Following Olmert’s Kadima Party triumph in the March 2006 election, he indicated a desire to seek a peace agreement with the Palestinians through the creation of a Palestinian state in his first policy speech.

Despite dealing with the Israel-Hezbollah war in the Summer of 2006 and an airstrike against a suspected nuclear reactor being built in Syria in September 2007, Olmert actively pursued a two-state solution with the Palestinians throughout his term as prime minister.

The peace process under Olmert formally began at the Annapolis Conference in November 2007 and sought to follow the so-called “Roadmap for Peace” as proposed by President George W. Bush in June 2002.

The roadmap was a phased plan that would if fulfilled eventually lead to full Palestinian statehood.

Over the course of several months, Olmert and Abbas met 36 times, mostly in Jerusalem and once in Jericho. There were approximately 300 meetings among senior officials and professional committees from both sides.

A key understanding of the negotiations was that “nothing is agreed upon until everything is agreed upon,” which meant that no position on any matter was final until an entire deal was final.

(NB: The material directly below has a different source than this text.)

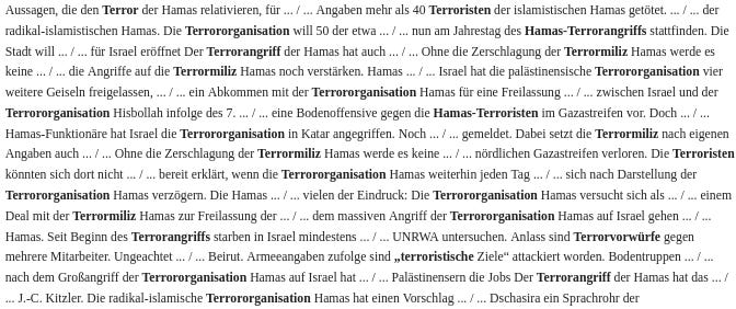 Keyword matching is performed against the combined headline (title) and summary text. For each keyword, multiple terms are considered. For instance, the “Palestine” keyword is matched against any of “Palästina, Palästinenser, palästinensisch”.

After months of discussion and negotiations, the process culminated in September 2008, with Olmert presenting a final proposal that included a package of concessions based on many rounds of prior discussions, along with the latest version of a map based on prior negotiations on land swaps.

It included:

  • The creation of an independent Palestinian state with contiguity on 93.7% of the West Bank, with the other 6.3% comprising major settlement blocks that would be permanently added to the State of Israel. As compensation, Israel would swap 5.8% of its territory to the Palestinian state, and the other half percent from a dedicated highway would be built inside pre-1967 Israel to connect the Gaza Strip and West Bank.
  • Jerusalem would be divided under the basic principle that Jewish neighbourhoods built after 1967 would remain as part of Israel, and Arab neighbourhoods that were not part of Israel before 1967 would be part of the Palestinian state.
  • The Temple Mount would be placed under an international trusteeship led by Saudi Arabia, Jordan, the US, Israel, and the Palestinians.
  • Regarding the so-called “Right of Return,” Palestinian refugees would not be able to “return” to locations inside Israel. Israel would agree to a symbolic number, and working with international bodies, establish a fund to provide reparations to both Palestinians and Israelis harmed by the 1948 conflict.

 

The Palestinian Rejection

According to Olmert, Abbas replied that he did not want to sign the agreement upon it being presented to him, and wanted to hold further discussions about the map with his team of experts before acceptance. The two sides would meet the next day, Abbas said.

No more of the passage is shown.